(Input material Opens)

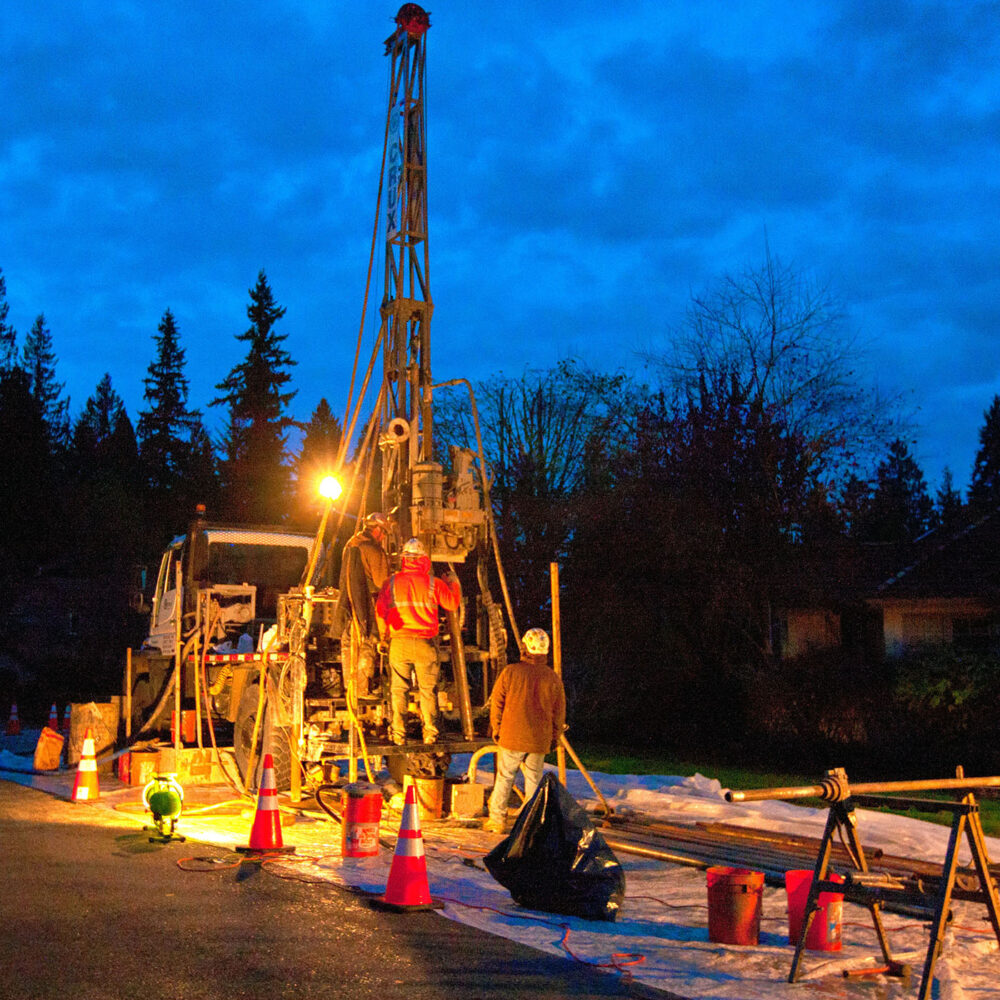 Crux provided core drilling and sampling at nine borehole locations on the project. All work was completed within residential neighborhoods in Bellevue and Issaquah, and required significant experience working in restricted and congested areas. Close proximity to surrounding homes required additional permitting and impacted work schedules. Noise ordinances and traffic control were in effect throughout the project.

(Input material Closes)
(Input material Opens)

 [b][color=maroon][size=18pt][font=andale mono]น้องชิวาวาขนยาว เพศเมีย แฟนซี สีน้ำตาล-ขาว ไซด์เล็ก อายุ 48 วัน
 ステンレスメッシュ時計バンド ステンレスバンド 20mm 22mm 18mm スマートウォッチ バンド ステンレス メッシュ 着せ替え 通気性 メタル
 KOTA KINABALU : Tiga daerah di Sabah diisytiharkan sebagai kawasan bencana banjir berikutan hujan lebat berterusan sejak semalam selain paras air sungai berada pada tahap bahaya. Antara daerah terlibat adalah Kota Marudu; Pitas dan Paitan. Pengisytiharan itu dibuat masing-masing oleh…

(Input material Closes)

- What needs to be done -
In the entries above, the lines from the one bearing "ステンレスメッシュ時計バンド ステンレスバンド 20mm" up to and including the one bearing "KOTA KINABALU : Tiga" should be transcribed exactly; no other line is wanted.

- Task response -
 ステンレスメッシュ時計バンド ステンレスバンド 20mm 22mm 18mm スマートウォッチ バンド ステンレス メッシュ 着せ替え 通気性 メタル
 KOTA KINABALU : Tiga daerah di Sabah diisytiharkan sebagai kawasan bencana banjir berikutan hujan lebat berterusan sejak semalam selain paras air sungai berada pada tahap bahaya. Antara daerah terlibat adalah Kota Marudu; Pitas dan Paitan. Pengisytiharan itu dibuat masing-masing oleh…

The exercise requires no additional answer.